そこには、多数の手下達に掴まれて、身動きできなくなってるお兄ちゃんの姿が。

「お兄ちゃん!!」

慌てて、窓に張り付こうとするけど、残念ながら私は真ん中の席。
丁度、私と窓を遮ってるカラ松さんが邪魔をするから、遠くから見守る事しかできなかった。

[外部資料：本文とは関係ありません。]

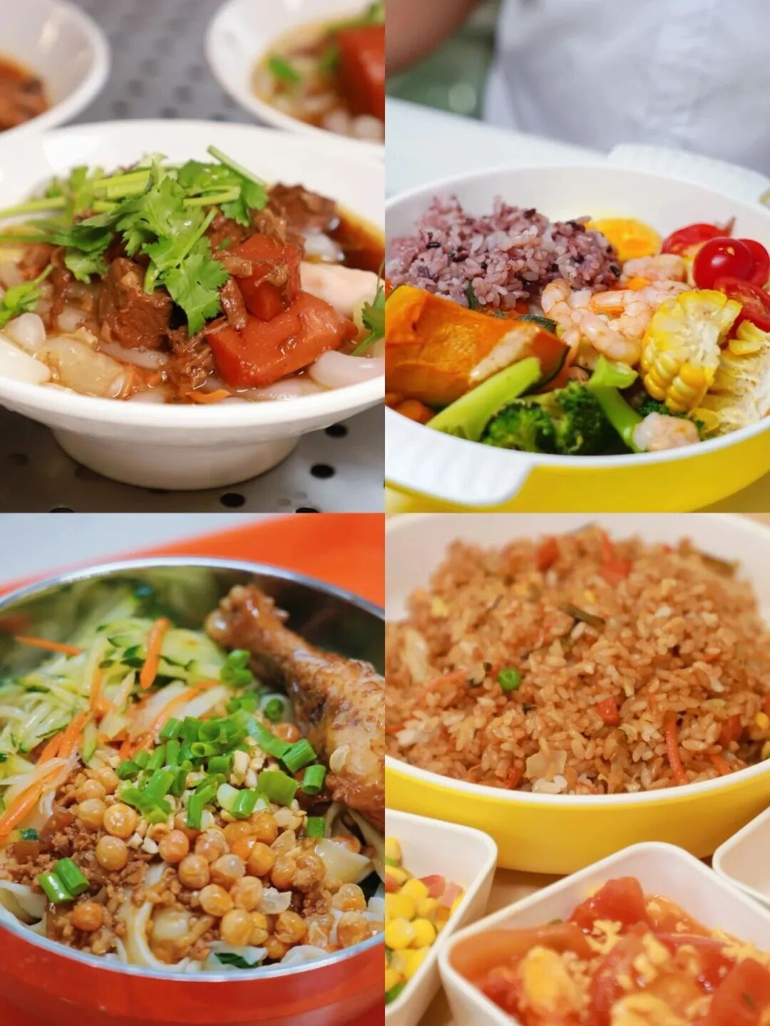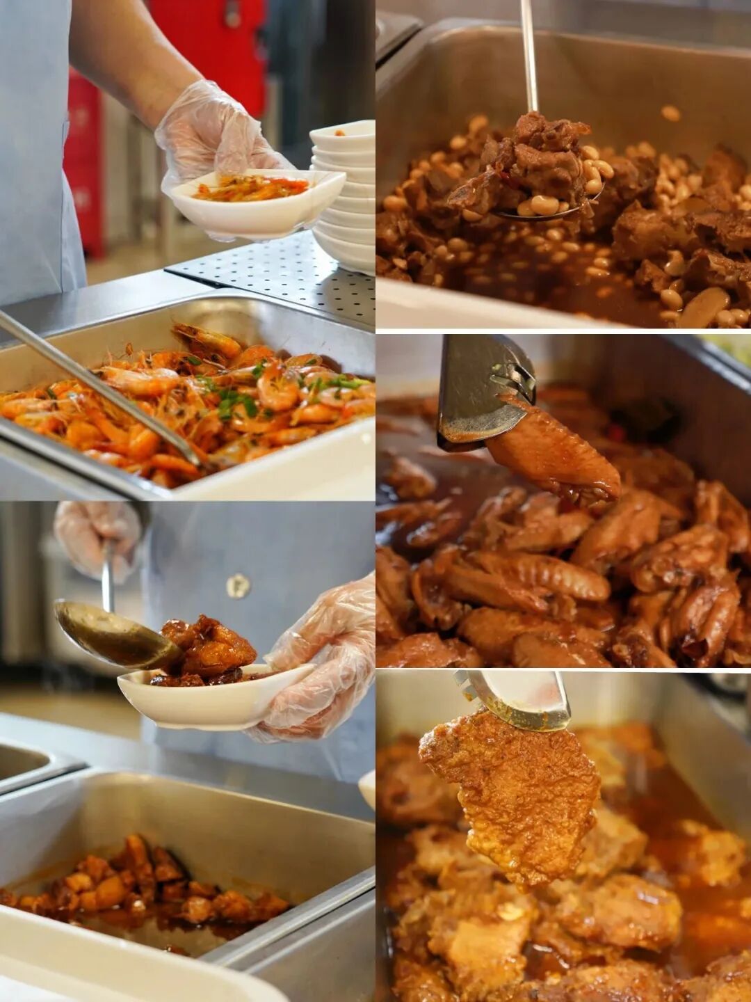 食堂采用零点模式,设有面食、中餐、铁板等七大档口,顺应季节变化每周调整菜单,保证同学们在学校的营养摄入。
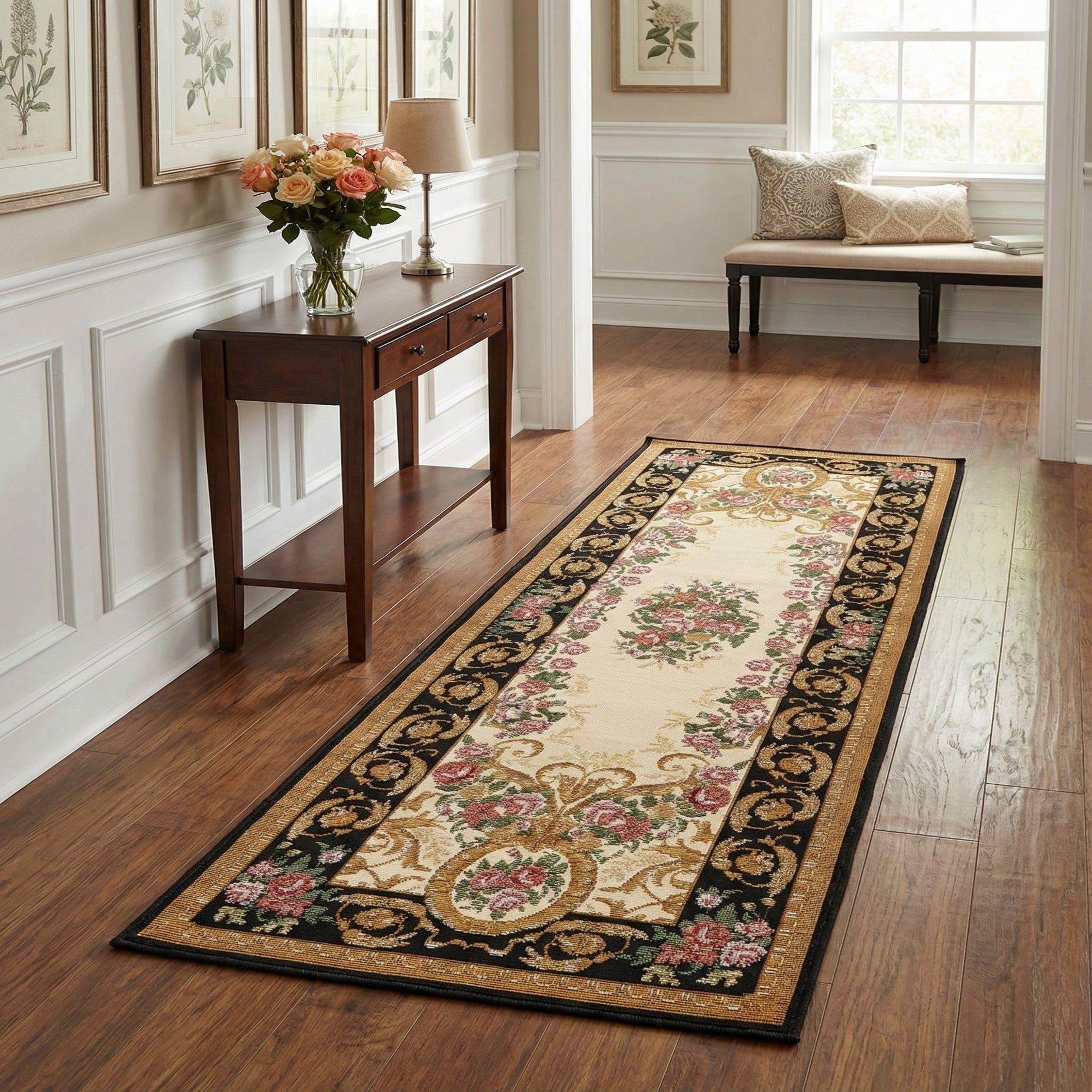 Primary color is Black and Ivory. Colors in this rug include: Black and Ivory, Green, Red, Pink, Brown, Gold.

「いやぁ~、すんばらしい兄弟愛だねぇ。少しくらい、俺にもわけてくれよー?」

「ブラザー、俺の愛ならいくらでもくれてやるぜ」

「お前のはいらない」

ケラケラと楽しそうに笑い合う二人は、本当に仲が良いんだろう。

私ごしに楽しげに会話を繰り広げている。

正直、挟まれるほうは辛い。

「な~、カラ松ぅ」

「ん、どうした、おそ松兄さん?」

「ちょっとよ、後で抜けださね?」

「いいぜぇ~?」

私は、そんな二人を放っといてお兄ちゃんに『お兄ちゃん、大丈夫?』とメールを送る。

すると、「なになに?」と二人が覗き込んでくる。

「お気になさらず」

見えないよう隠そうとするけど、二人は面白がって見ようとする。

ほんっとうに困るなぁ、この人達のテンション。

「へぇ~、小鳥にメール? 昔っからお兄ちゃんお兄ちゃんだったもんなぁ」

「へぇー、俺は見たことはなかったぞ」

「お会いしたことありました?」

驚いて聞き返せば、おそ松さんはニヤニヤと笑う。

「えぇ、俺のこと気になるぅ?」

しかし、違う。

お兄ちゃんを名前で呼んだことが、気になるだけ。

「いえ、兄と何か関係があるのかなって」

「ははっ! まぁ、君のことだし、そうくると思ったさ!」

「ちぇー、何だよ、カラ松のヤツー。まぁ、いいや。俺な、高校の時だけお前の兄ちゃんと同級生だったんだよ」

ってことは、この人はそれなりの地位があるってことになる。

裏組織の人間で、お坊ちゃまお嬢様学校へ行ける人間に限られてる。

それだけ、権力のある人間以外通えないから。

「兄がお世話になりました」

軽く会釈程度で頭を下げれば、肩を叩かれる。

「いやいや、今から君がお世話になるんだぜ?」

にぃっと笑うおそ松さんを見て、どう返答すべきか応えを迷ってしまう。

「はぁ、よろしくお願いします」

女慣れした男の人は、どうも苦手だ。